Peru loses its prime minister. What next?

PEDRO PABLO KUCZYNSKI (pictured above) has been Peru’s president for little more than a year, but already he has lost or reassigned 15 ministers. The biggest cull came on September 15th, when his government lost a vote of confidence in congress.

That led to the resignation of the prime minister, Fernando Zavala, who was also finance minister, along with the rest of the 19-member cabinet. Mr Kuczynski reappointed most of them two days later. But Mr Zavala is gone, as are Marilú Martens, the education minister, whom the opposition accuses of mishandling a teachers’ strike, and three others. To many Peruvians the president, who has four years to go in office, already looks like a lame duck.

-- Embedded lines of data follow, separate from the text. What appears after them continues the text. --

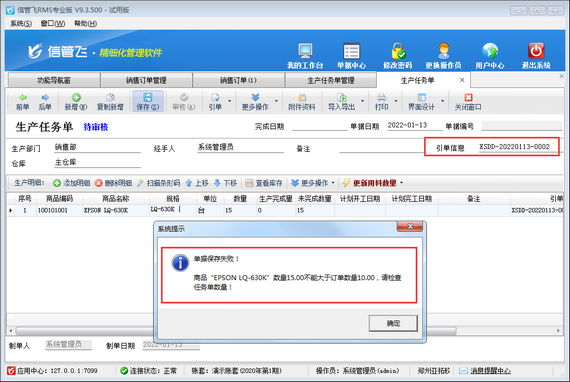 生產(chǎn)任務(wù)單,即生產(chǎn)過(guò)程中的任務(wù)加工單,用于執(zhí)行生產(chǎn)計(jì)劃,進(jìn)入實(shí)際生產(chǎn)階段。生產(chǎn)任務(wù)單支持引用銷售訂單及生產(chǎn)計(jì)劃單進(jìn)行開(kāi)單下達(dá)生產(chǎn)任務(wù)數(shù)量,本篇文章介紹一下生產(chǎn)任務(wù)單引用銷售訂單開(kāi)單的情況下,如何設(shè)置生產(chǎn)任務(wù)單數(shù)量不可大于銷售訂單數(shù)量? 在功能導(dǎo)航窗點(diǎn)擊“系統(tǒng)管理”—》“系統(tǒng)參數(shù)配置”—》“業(yè)務(wù)參數(shù)”打開(kāi)業(yè)務(wù)參數(shù)配置界面,在生產(chǎn)管理相關(guān)參數(shù)中打鉤啟用“生產(chǎn)任務(wù)單數(shù)量不可大于銷售訂單數(shù)量”參數(shù),如下圖所示。 參數(shù)配置完成之后,新開(kāi)一個(gè)銷售訂單,如下圖所示。
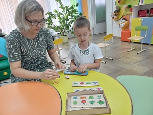 С помощью игры дети учатся: выкладывать по цвету; по форме; разделять элементы игры на овощи, фрукты и ягоды; считать количество предметов на каждой ступени.
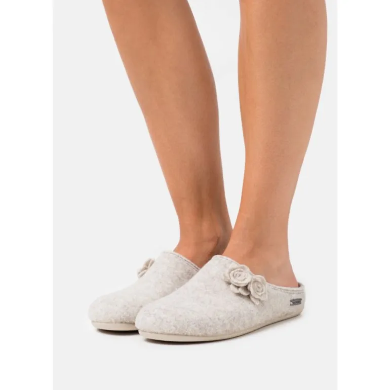 Lækre hjemmesko fra Shepherd i beige filt af fåreuld, med de fineste små blomster som dekoration. Faste gummisåler, og lige til at stikke i.
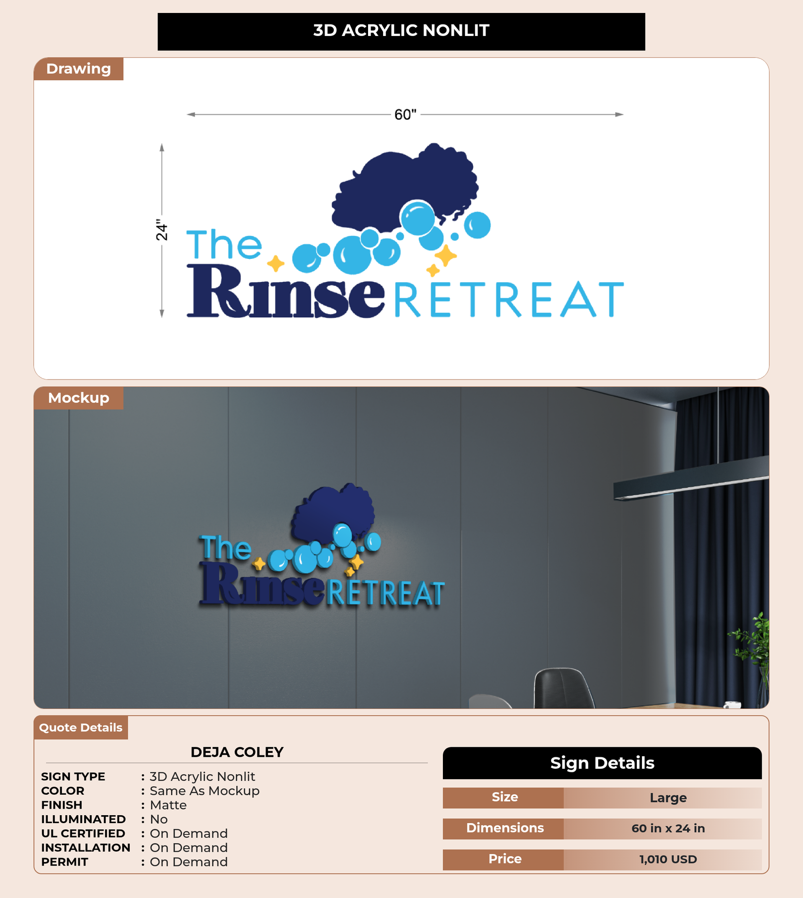 CUSTOM MOCKUP SIGN FOR DEJA COLEY
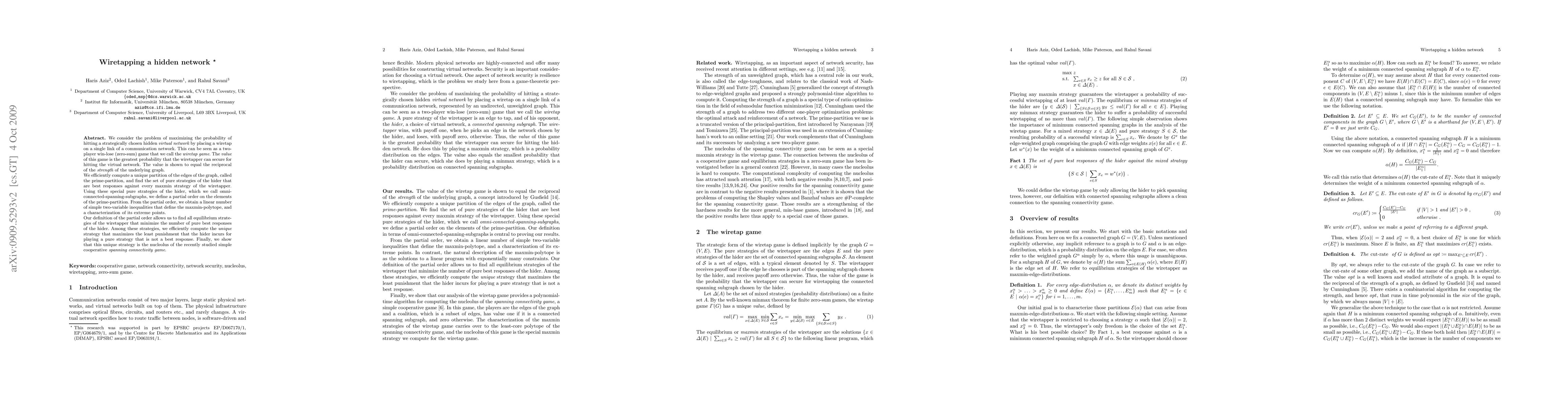 We consider the problem of maximizing the probability of hitting a strategically chosen hidden virtual network by placing a wiretap on a single link of a communication network. This can be seen as a two-player win-lose (zero-sum) game that we call the wiretap game. The value of this game is the greatest probability that the wiretapper can secure for hitting the virtual network. The value is shown to equal the reciprocal of the strength of the underlying graph. We efficiently compute a unique partition of the edges of the graph, called the prime-partition, and find the set of pure strategies of the hider that are best responses against every maxmin strategy of the wiretapper. Using these special pure strategies of the hider, which we call omni-connected-spanning-subgraphs, we define a partial order on the elements of the prime-partition. From the partial order, we obtain a linear number of simple two-variable inequalities that define the maxmin-polytope, and a characterization of its extreme points. Our definition of the partial order allows us to find all equilibrium strategies of the wiretapper that minimize the number of pure best responses of the hider. Among these strategies, we efficiently compute the unique strategy that maximizes the least punishment that the hider incurs for playing a pure strategy that is not a best response. Finally, we show that this unique strategy is the nucleolus of the recently studied simple cooperative spanning connectivity game.

The source of his problems is his incomplete victory in last year’s presidential election. He narrowly won the popular vote in the second round against Keiko Fujimori, the daughter of a former president, Alberto Fujimori, who is in jail for human-rights crimes. But her party, Fuerza Popular (Popular Force), holds 71 of the 130 seats in congress. It has exploited to the full its power to make life difficult for Mr Kuczynski.

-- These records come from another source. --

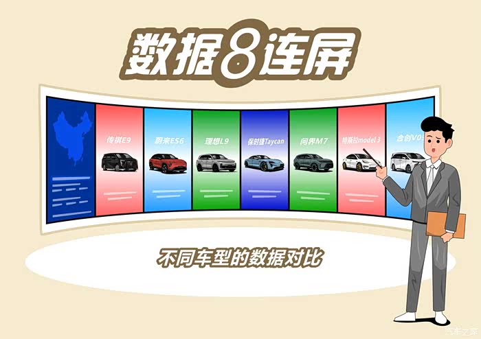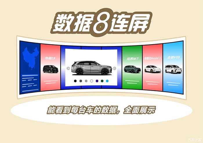 这个8连屏我觉得挺不错的,每款车的续航、电耗、车身尺寸等等数据都能很直观看到,还有横向对比
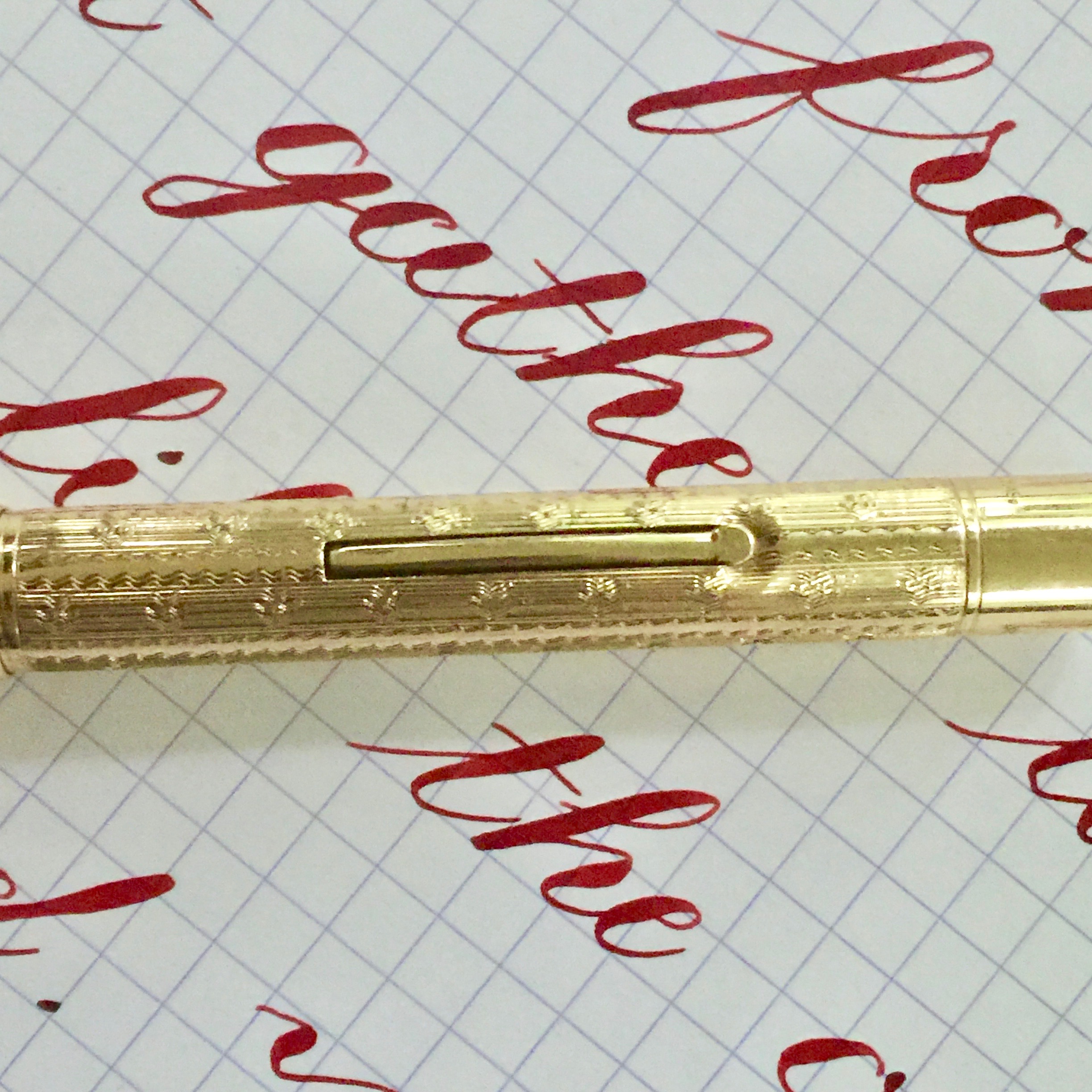Here is a gorgeous made in New York gold-filled Mabie Todd Swan. Patent date is 1915. This pen is in excellent condition. The engraved pattern on the body is beautiful, and the flaws are minimal. There are two scratches on either side of the barrel near the lever box. Something must have pinched it once. There is small dent towards the section that is really hard to see, and a scratch on the section. Also there is some very slight brassing on the barrel end. You’ll only see any of this by looking carefully. The pens has the initials “C.V.F.” on the barrel. There is a tiny bit of light scratching on the clip. The #2 Mabie Todd Swan nib is a pretty wet writing F (0.4mm) that is a bit stubby. The flex on this pen is beautiful ranging up to BBB+ (1.8mm) and also has very nice responsiveness. Wow. This is a gorgeous hundred year old pen, and it comes equipped with a superb Swan flex nib.
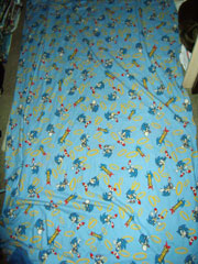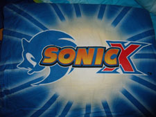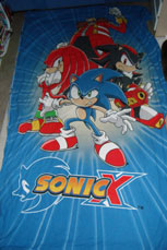 This is a really cool Sonic X themed bed set. It looks like a single, with 1 pillowcase. The case has Chargin' Sonic on the front, with the Sonic X logo on the back. The other part seems to be either a sheet, or a thin blanket of some kind, with part of the cast on the front, and a scattering of Sonic X art and logos for the back. This set is a single-bed type. | |||||||||||||||||||||||||||
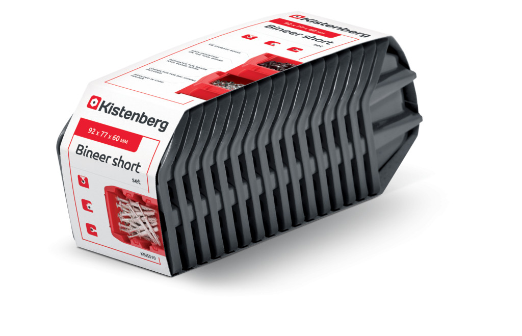 A Kistenberg Bineer Short tároló készlet tökéletes megoldást nyújt a műhelyek és munkaterületek rendszerezéséhez. A 16 darabos készlet különálló tárolóelemei innovatív csatlakozórendszerrel kapcsolhatók össze, így rugalmasan alakítható ki a kívánt tárolórendszer. A tárolók egymásra helyezhetők és falra is szerelhetők a Bineer Board rendszerrel.

The quarrel is partly ideological. Mr Kuczynski, a former banker and World Bank official, is a socially liberal pragmatist whose main goals are to bring more workers into the formal labour market, improve public services and infrastructure and encourage economic growth. Ms Fujimori is aligned with conservative Catholic and evangelical Christians. Her party complains that the government is pro-abortion, too gay-friendly and has paid too little attention to people outside Lima. It has blocked or slowed down economic legislation and serially censured the government’s technocratic ministers.

The ministerial massacre leaves Mr Kuczynski looking enfeebled. Just 22% of Peruvians support him, a drop of 41 percentage points since he took office, according to a recent poll. Mr Zavala’s resignation is only the fourth by a prime minister after a confidence vote in Peru’s modern history.

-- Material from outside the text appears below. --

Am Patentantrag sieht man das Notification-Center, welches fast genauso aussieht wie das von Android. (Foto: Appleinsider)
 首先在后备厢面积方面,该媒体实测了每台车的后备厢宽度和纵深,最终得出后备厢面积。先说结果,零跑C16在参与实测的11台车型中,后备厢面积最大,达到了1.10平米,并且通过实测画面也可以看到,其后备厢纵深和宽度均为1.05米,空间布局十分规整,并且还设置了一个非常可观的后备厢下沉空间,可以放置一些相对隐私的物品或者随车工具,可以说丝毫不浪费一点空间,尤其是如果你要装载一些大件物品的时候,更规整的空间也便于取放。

Yet Mr Kuczynski’s position may be stronger than it looks. The new prime minister, Mercedes Aráoz, is well-liked. She was the top vote-getter among congressional candidates for Mr Kuczynski’s party, Peruanos por el Kambio (Peruvians for Change), and briefly ran for president in 2011. Most opposition parties, including Fuerza Popular, have welcomed Ms Aráoz and the new health and education ministers, who are more conservative than their predecessors. Even Ms Fujimori sounded mollified. The government still has “time to make things right”, she tweeted.

Mr Kuczynski may benefit from divisions within Fuerza Popular. Ms Fujimori’s brother, Kenji, a congressman, backed Mr Zavala in the confidence vote; some members of the party have called for him to be expelled. Ms Fujimori, who is only a little more popular than the president, hopes to run again in 2021. Her war against Mr Kuczynski risks coming across as self-serving; she may now become less aggressive.

The economy could also boost the president. GDP expanded by 2.4% in the year to the end of June. The government predicts growth of 4% next year, thanks partly to higher prices for copper, the biggest export. It plans to increase spending next year by 10% without increasing tax rates. Such largesse tends to make voters happy. “Fresh air is blowing…through the world economy,” declared Mr Kuczynski in his first meeting with his new cabinet on September 18th. He, too, needs a second wind.